Why authentic relationships + healing-centered learning environments matter for girls

The wellness needs of students, especially girls (anxiety and depression in teen girls is twice the rate of boys), have evolved and intensified during the pandemic so it’s more crucial than ever for all of us adults working and supporting girls and gender expansive youth to nurture warm and authentic relationships with them, and build healing-centered classrooms and youth programs.

Healing-Centered Learning Environments for Girls

Healing-centered engagement is a progression from trauma-informed practice that takes an asset-based approach with an emphasis on hope, imagination, and community. Young people need space to heal, whether from pandemic-related anxiety, personal or collective trauma, or both. Here are some questions to help you get started in advance of the workshop.
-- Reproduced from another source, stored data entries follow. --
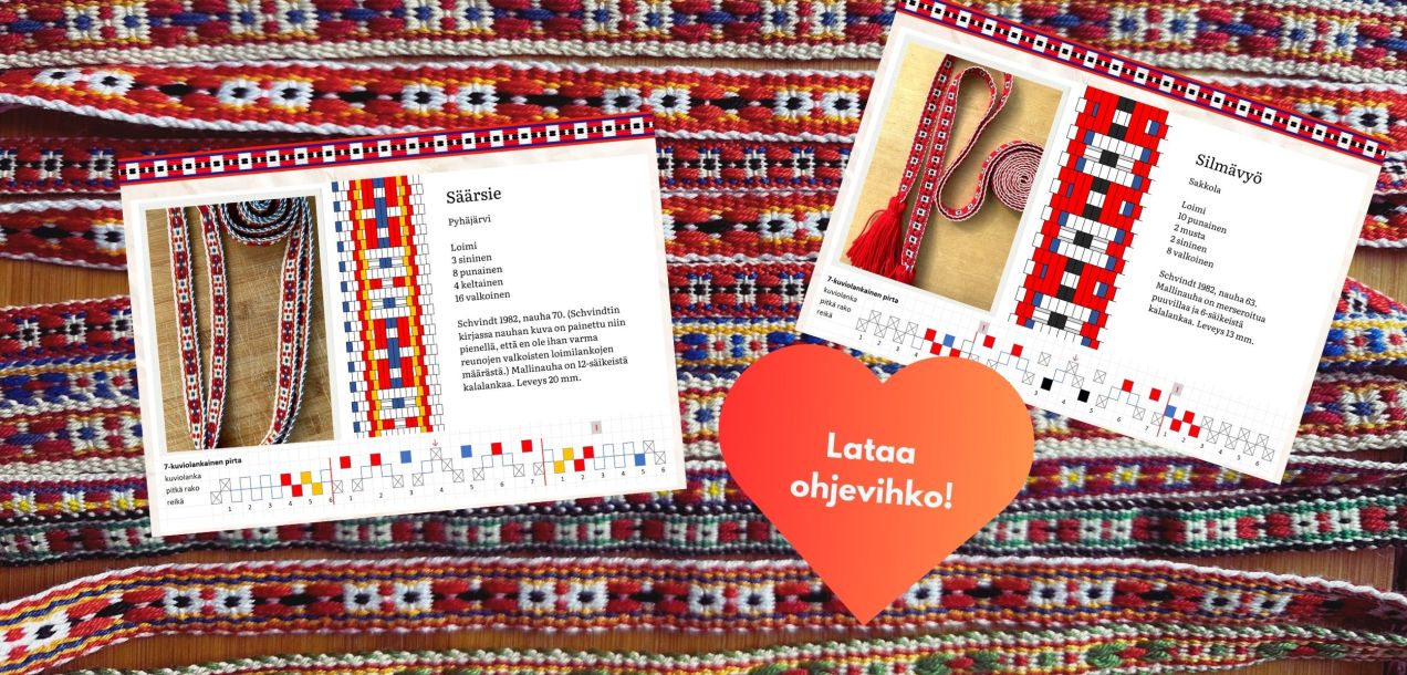 Voit nyt ladata tulostamiseen sekä puhelimella selailuun optimoidun vihkosen kokkaniekkakuvioiduista pirtanauhoista. Vihkosesta löydät tietoa kokkaniekkavöiden käyttämisestä ja rakenteesta, vinkkejä lankoihin sekä ohjeet yhdeksään pirtanauhaan. Mallit ovat Sakkolasta, Raudusta, Pyhäjärveltä, Valkjärveltä ja Käkisalmelta.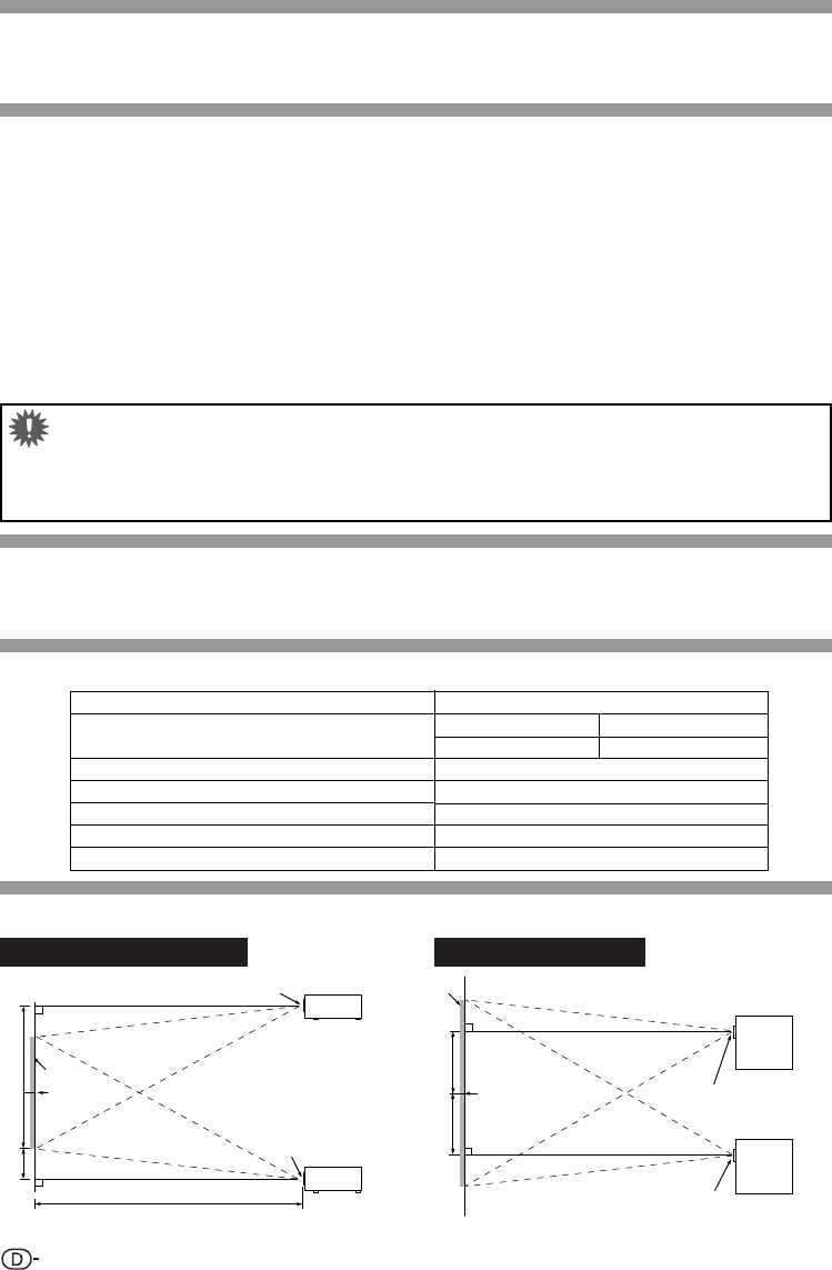 Für Informationen über die Bildgrößen- und Scharfeinstellungen siehe „Bild-Projektion“ in der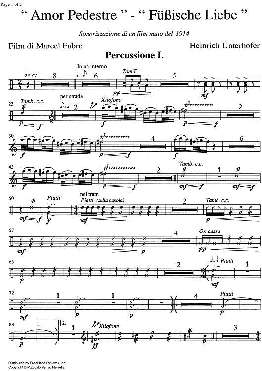 "Amor pedestre- Fuessische Liebe [set of parts] - Percussion 1" Sheet Music by Heinrich Unterhofer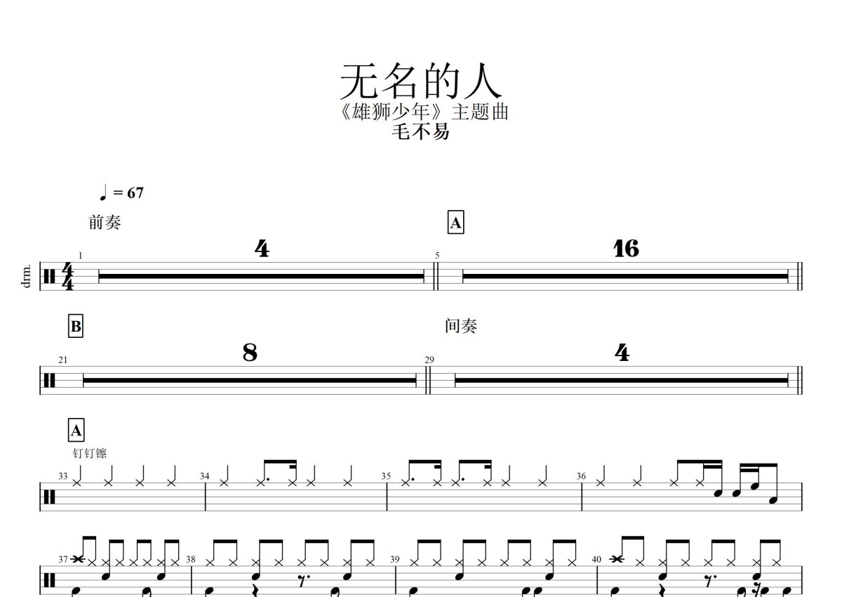 《无名的人》是毛不易演唱的一首歌曲,这份鼓谱共有两张高清图谱,图谱由 @打鼓谱 编配上传,图谱使用五线谱编配,使用这份无名的人架子鼓谱,你将能够轻松地敲打出这首毛不易的无名的人,快来尝试吧。毛不易-无名的人《雄狮少年》电影主题曲。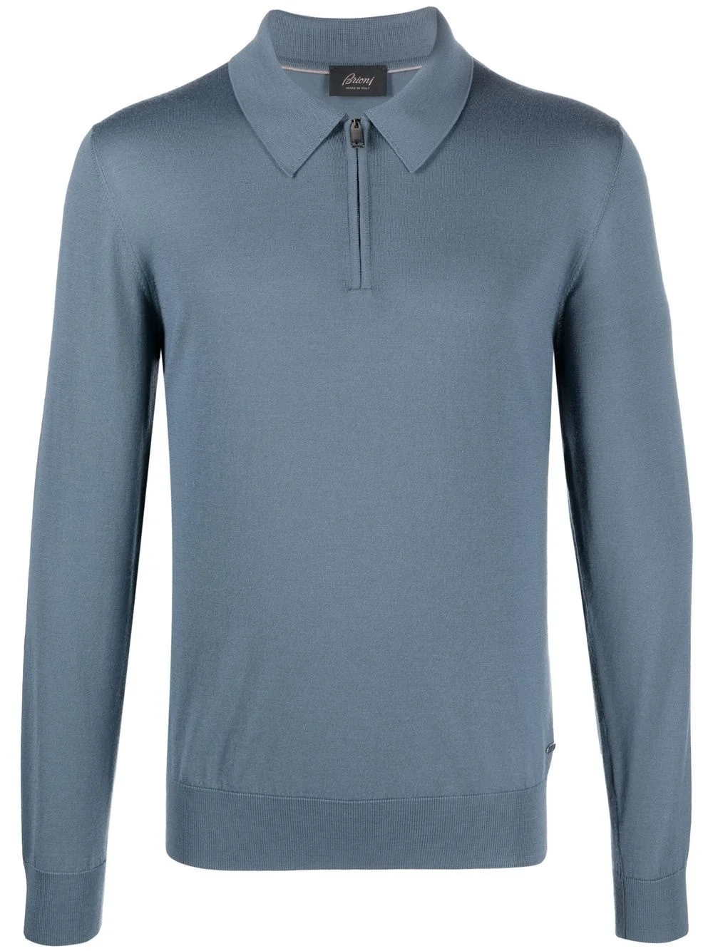 polo-collar wool jumper wool powder blue polo collar logo plaque short front zip fastening long sleeves straight hem Made in Italy Composition Wool 100% SIZE & FIT Model measurements Height 6 ft 0 in(1.84 m) Bust/Chest 35.82 in(91 cm) Hips 37 in(94 cm) Waist 28.34 in(72 cm) FittingInformation This piece fits true to size. We recommend you get your regular size Cut for a relaxed fit Made with a mid-weight fabric Washing instructions Hand Wash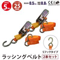 ラッシングベルト Sフックラッシングベルト ベルト 幅25mm 固定側0.5m 巻側5m 2本セット ラチェット式 トラック用 工具 道具 1,150円 |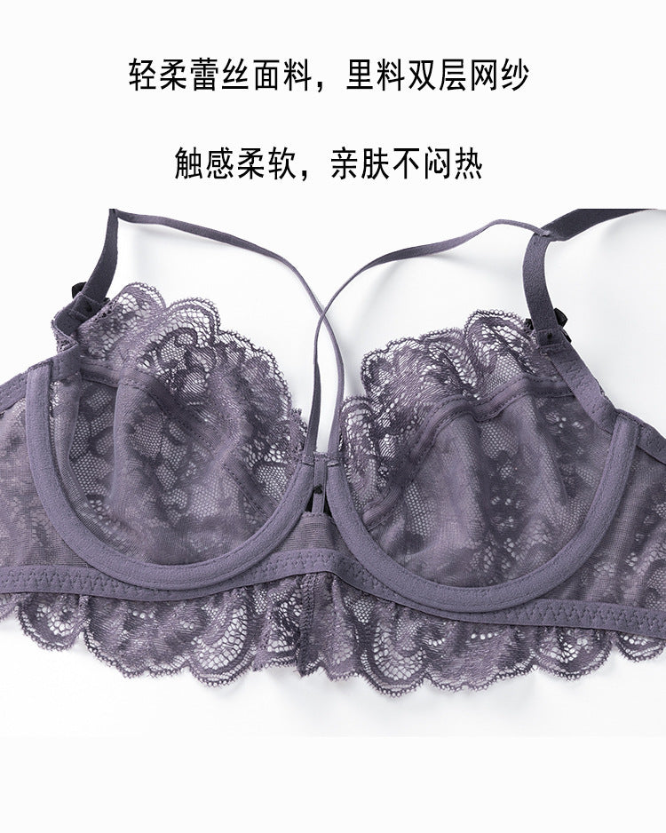 超薄蕾丝美背内衣女聚拢文胸套装透明舒适透气胸罩
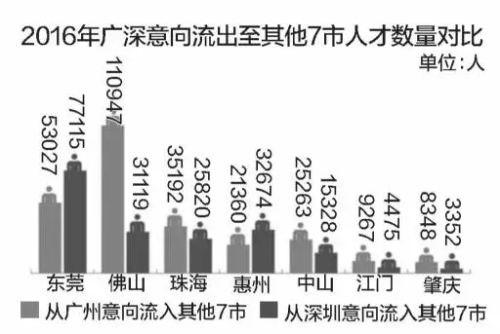 根据最新的《珠三角人才需求状况与流动趋势研究报告》,佛山成意向净流入人才珠三角最高;其中广州意向流入佛山的人才数量,多于深圳意向流入东莞的人才数量。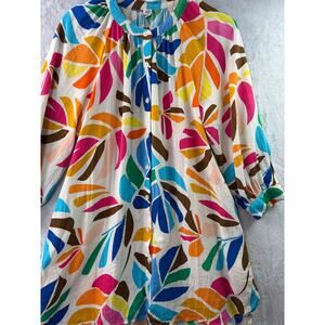 Bright, joyful, and full of personality—this Tabitha Brown botanical print tunic dress features vibrant multicolor leaf patterns, playful puff sleeves, and an easy, relaxed silhouette. Wear it as a mini dress, tunic, or beach cover-up for a bold, expressive look.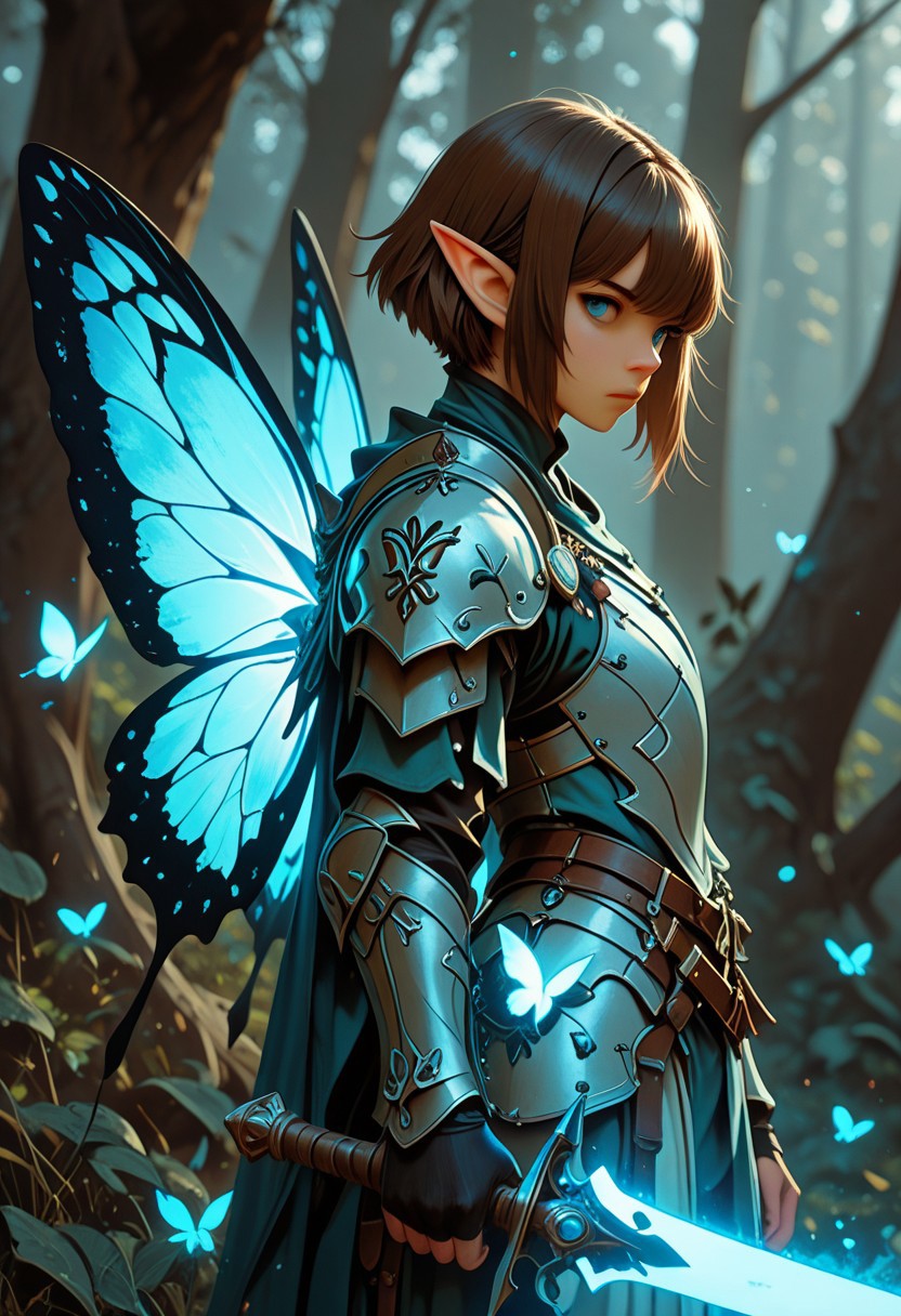 score_9_up, score_8_up, score_7_up, score_6_up. masterpiece, best quality, good quality, very aesthetic, absurdres, semirealism, fantasy, 8K, depth of field, focused subject, cowboy shot, Elf knight, 19yo, androgynous, pointed ears, short brown hair, male haircut, blue eyes, wearing detailed armor, wielding blue glowing sword, he is standing, sword resting against the ground, large white glowing butterfly wings on the knight's back, trees in background, hkvaloria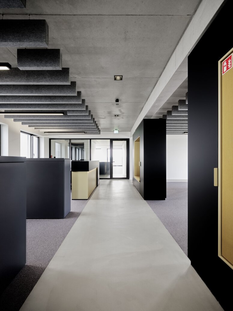 The employees at Firner Trautwein appreciate the high design quality of their working environment with plenty of natural light, black, wood and textile elements in grey.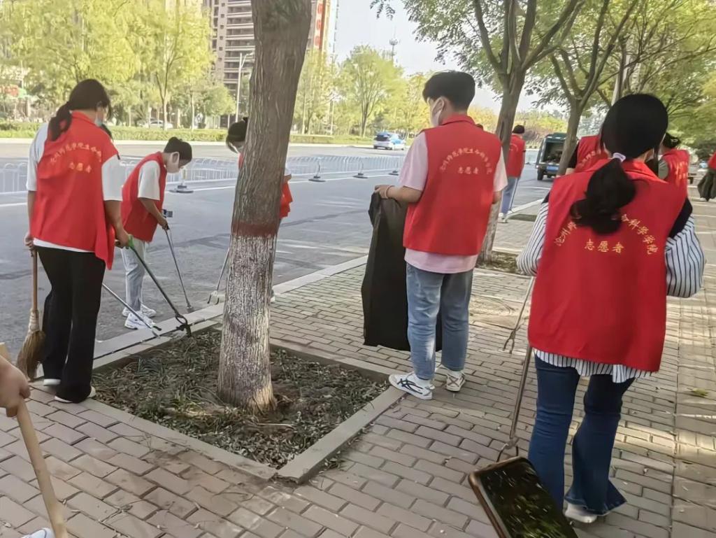 志愿者准时到达指定位置领取打扫工具,并统一走出校门,对人行道和绿化带中的纸屑、果皮等垃圾进行细致地分类清理,不遗漏每一个角落。大家铆足干劲,不辞辛劳,志愿服在身,责任在肩,忙碌的身影遍布在学校周边各处,成为了街道中最耀眼的“小红”。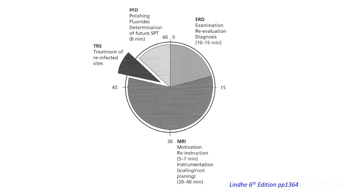 SPT visits include a re-evaluation phase, a reinstruction phase, an instrumentation phase, treatment of reinfected sites and a polishing phase.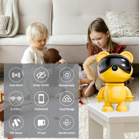 3K Smart Wireless Robot Security Camera - Nanny & Pet Motion Monitor with Mobile App, Baby Cry Detection Alarm, 5G Dual-Band, Pan-Tilt, Full HD Night Vision, 24/7 Recording, and 2-Way Audio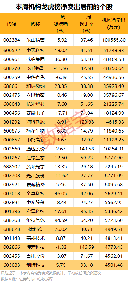 一周机构累计净卖出的个股中,13股金额均超1亿元。其中净卖出金额最多的是东山精密,该股本周累计上涨15.92%,一周换手率为37.46%,因日涨幅偏离值达9%上榜龙虎榜;买卖居前营业部中机构合计净卖出10.06亿元,同时上榜的还有深股通专用席位,净卖出2.97亿元;营业部席位一周合计净买入14.44亿元。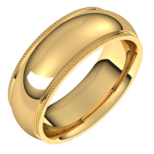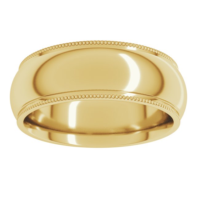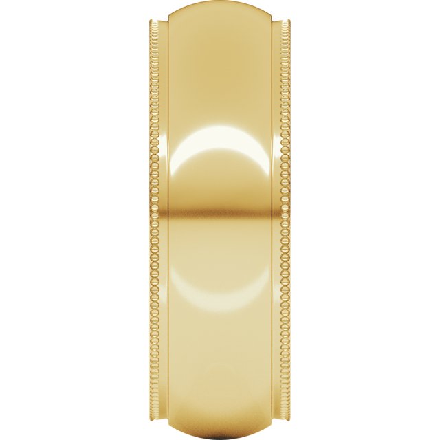 14K Yellow 7 mm Milgrain Half Round Comfort Fit Edge Band Size 8.5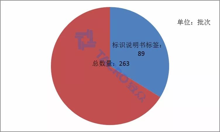 從不符合項的類別來看,產(chǎn)品最突出的缺陷就是標(biāo)識標(biāo)簽說明書一類。263批產(chǎn)品中,在標(biāo)識標(biāo)簽說明書方面存在缺陷的就涉及89批,占比34%。(見圖三)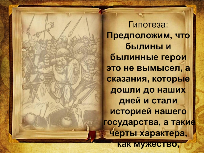Слайд 3Гипотеза: Предположим, что былины и былинные герои это не вымысел, а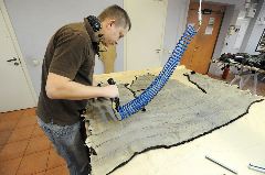 16. Следующая стадия: химчистка – чтобы изнанка меха стала одного цвета. Всем же приятно ходить в шубах из однородного меха.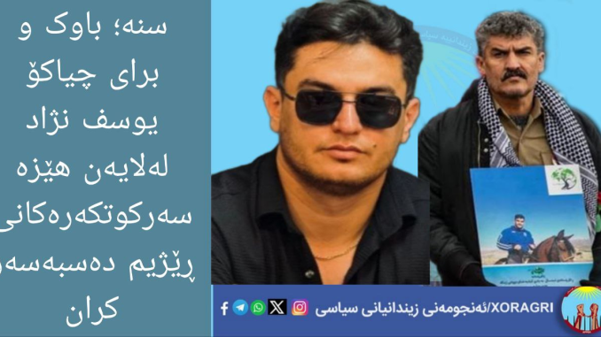 بەپێی هەواڵی ئەنجومەنی زیندانییە سیاسییەکانی ڕۆژهەڵاتی کوردستان “خۆڕاگری” ڕۆژی دووشەممە، ١ی بەفرانباری ١٤٠٤ی هەتاوی “٢٢ی دێسامبری ٢٠٢٥ی زایینی” عادڵ یوسفنژاد و ئاکۆ یوسفنژادی کوڕی و هاووڵاتیی خەڵكی شاری سنە هەروەها باوک و برای چیاکۆ، چالاکوانی ژیگەپارێزی کە بەهۆی کوژانەوەی ئاگری دارستانەکانی ئاویەری سنە گیانە لەدەستدا، لەلایەن ئیدارەی ئیتلاعاتی سپای تێرۆریستی پاسدارانی ڕێژیمی ئێرانەوە بانگ کران و هەرلەوێ دەسبەجێ دەسبەسەر کراون.

This exercise is from our newly revised guide, Social-Emotional Check-ins for In-Person Learning, which also includes 26 check-in activities to do with students.

How To Assess For A Healing-Centered Environment

Space

1. Do adults and youth have time and space to connect and communicate with each other about non-academic topics?
2. Do youth have opportunities to share their work and have it celebrated?
3. Are there options for movement when young people need to move their bodies?
4. COVID permitting, does the furniture setup exacerbate the power imbalance between adult and young person, or does it help build connections?

Instruction/Relationships

5. Do youth and adults know each other’s names and pronounce them correctly?
6. Do young people have daily opportunities for voice and choice?
7. Are youth and adults encouraged to share stories as a way to connect and learn, such as check-ins?
8. What is the ratio of conversations to acknowledge, see, and value each other as young people and adults, versus conversations about discipline and negative consequences?

Structures/Routines

9. Are there class or program agreements that young people help create that are available for everyone to see?
10. Are there agendas that are shared for everyone to see to make the class or program feel predictable?
11. How much time is built in for mindfulness and reflection?

On their own each of these 11 questions are simple, yet collectively they are powerful in building a sense of community in which learners, especially girls, both rely upon and push each other. These questions are especially important to support the voice and power of girls and gender expansive youth because of the high priority many girls place on relationships. Too many girls learn that academic success is about being respectful, “polite,” and “liked” by teachers and adults, and in the process, learn to trade in their authentic feelings, thoughts, and beliefs for a good GPA. This price of success that our girls learn to pay has never been higher.

Creating a healing-centered environment becomes part of signaling to girls that being compliant and quiet isn’t what makes them worthy in your classroom. Let’s do this together.